» **WHAT YOU NEED TO DO**
Where a line in the data below includes the word "Kompetenzmodell", count it. State the total and nothing more.
== DATA FOR THE TASK ==
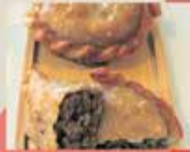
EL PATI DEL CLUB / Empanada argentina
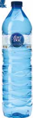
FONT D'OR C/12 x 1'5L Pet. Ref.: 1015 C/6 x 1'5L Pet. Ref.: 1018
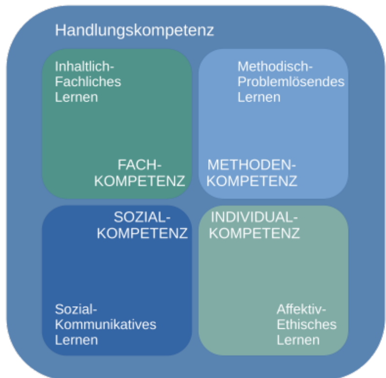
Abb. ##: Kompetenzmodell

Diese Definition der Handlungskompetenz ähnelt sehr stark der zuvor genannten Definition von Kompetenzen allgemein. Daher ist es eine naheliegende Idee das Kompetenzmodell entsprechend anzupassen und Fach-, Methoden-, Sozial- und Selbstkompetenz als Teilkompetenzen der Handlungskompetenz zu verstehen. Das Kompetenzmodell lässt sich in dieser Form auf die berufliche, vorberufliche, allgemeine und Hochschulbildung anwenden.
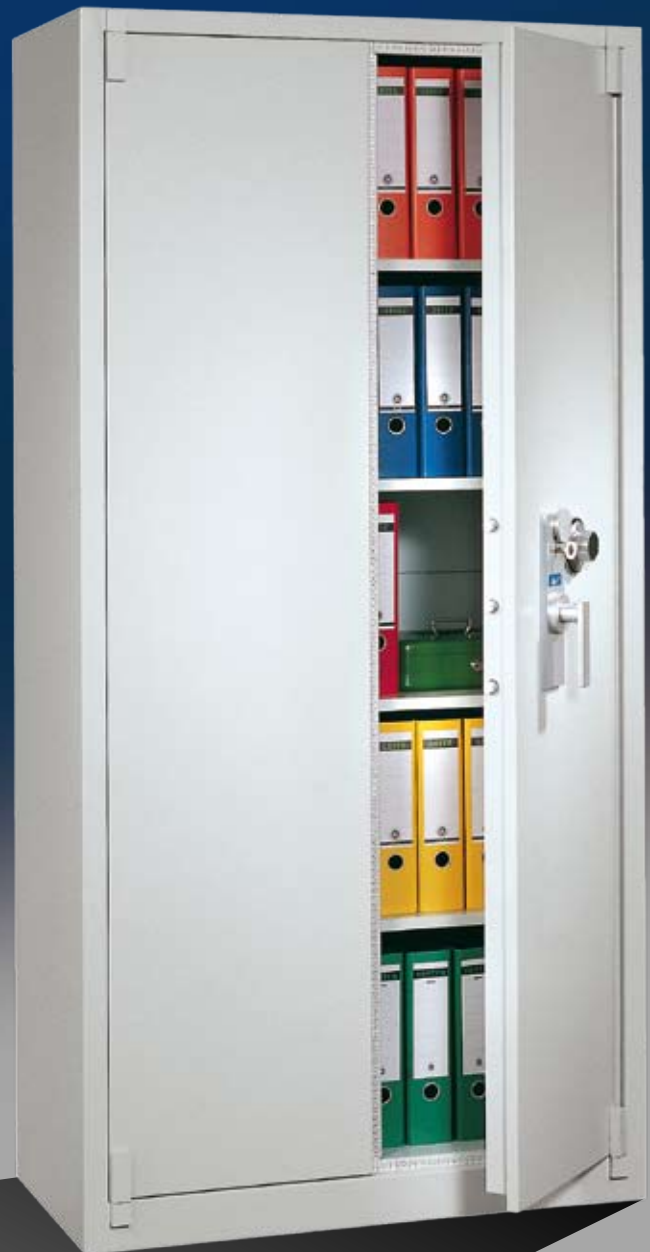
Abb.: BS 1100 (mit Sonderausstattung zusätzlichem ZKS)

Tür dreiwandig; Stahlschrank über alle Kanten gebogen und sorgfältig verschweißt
===
== DATA FOR THE TASK ==
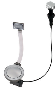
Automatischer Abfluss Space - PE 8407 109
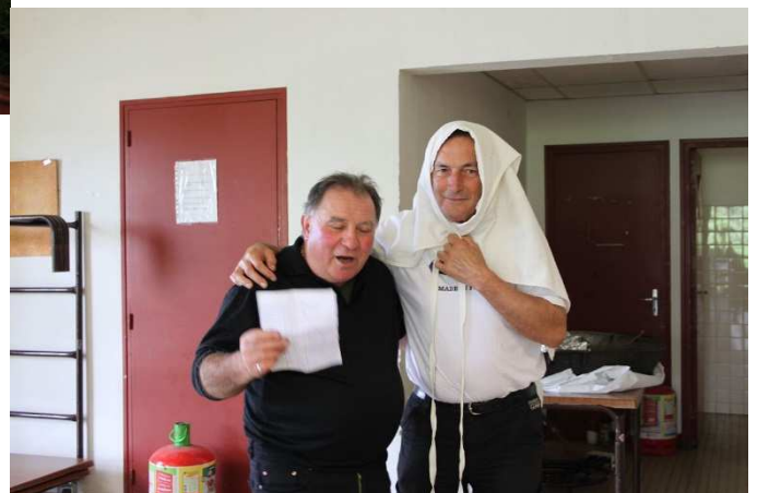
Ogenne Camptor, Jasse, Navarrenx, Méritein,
===
» **THE ANSWER**
2